Moreover, after the results of newborn screening tests, parents are notified in case any potentially life-threatening conditions are detected and also referred to a neonatologist for further evaluation and treatment.

 Genomic Sequencing Offers Hope in Infertility Treatment

A recent study conducted by researchers from Rutgers University in New Jersey has discovered that a woman's chances of experiencing a type of miscarriage called "egg aneuploidy" can be predicted by analyzing her genome.

The findings are published in a journal known as ‘Human Genetics’ in the edition of March 2022. 

The research can assess information on how effectively genetic variants in the mother's genome can predict the risk of infertility. 

The researchers worked with the Reproduction Medicine Associates of New Jersey, an IVF clinic, to examine genetic samples from patients using whole exome sequencing, which allows researchers to focus on the protein-coding sections of the human genome. 

The team then employed machine learning algorithms and statistical models to analyze patterns in the genetic data and create a specific risk score based on a woman's genome.

As a result, the scientists identified three genes – MCM5, FGGY, and DDX60L – which on mutation, are highly associated with a risk of producing eggs with aneuploidy. 
The results prove that genomic-targeted sequencing has the potential to provide patients and clinicians with better information on reproductive choices and fertility treatment procedures.

The lead researcher and professor at Rutgers University, Jinchuan Xing, said that the findings of the study could usher in a new era of genetic medicine, enabling women to visit fertility clinics armed with genomic information that provides a better understanding of how to approach infertility or IVF treatments. 

As such technology continues to improve and healthcare costs go down, the potential for targeted sequencing to transform reproductive health will continue to grow. 

According to BIS Research, the global targeted sequencing market was valued at $3.1 billion in 2022, which is projected to reach $10.9 billion by 2032, growing at a CAGR of 13.12% during the forecast period 2022-2032.

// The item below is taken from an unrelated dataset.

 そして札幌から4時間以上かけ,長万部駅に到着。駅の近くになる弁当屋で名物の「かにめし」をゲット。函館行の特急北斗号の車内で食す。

Targeted sequencing has the potential to revolutionize the field of reproductive health by providing a more accurate diagnosis, personalized treatment options, improved screening, and a greater understanding of the genetic factors that contribute to reproductive health. 

This will allow researchers to study large populations or entire species in a cost-effective and efficient manner, providing a more comprehensive picture of the genetic and genomic diversity within reproductive health.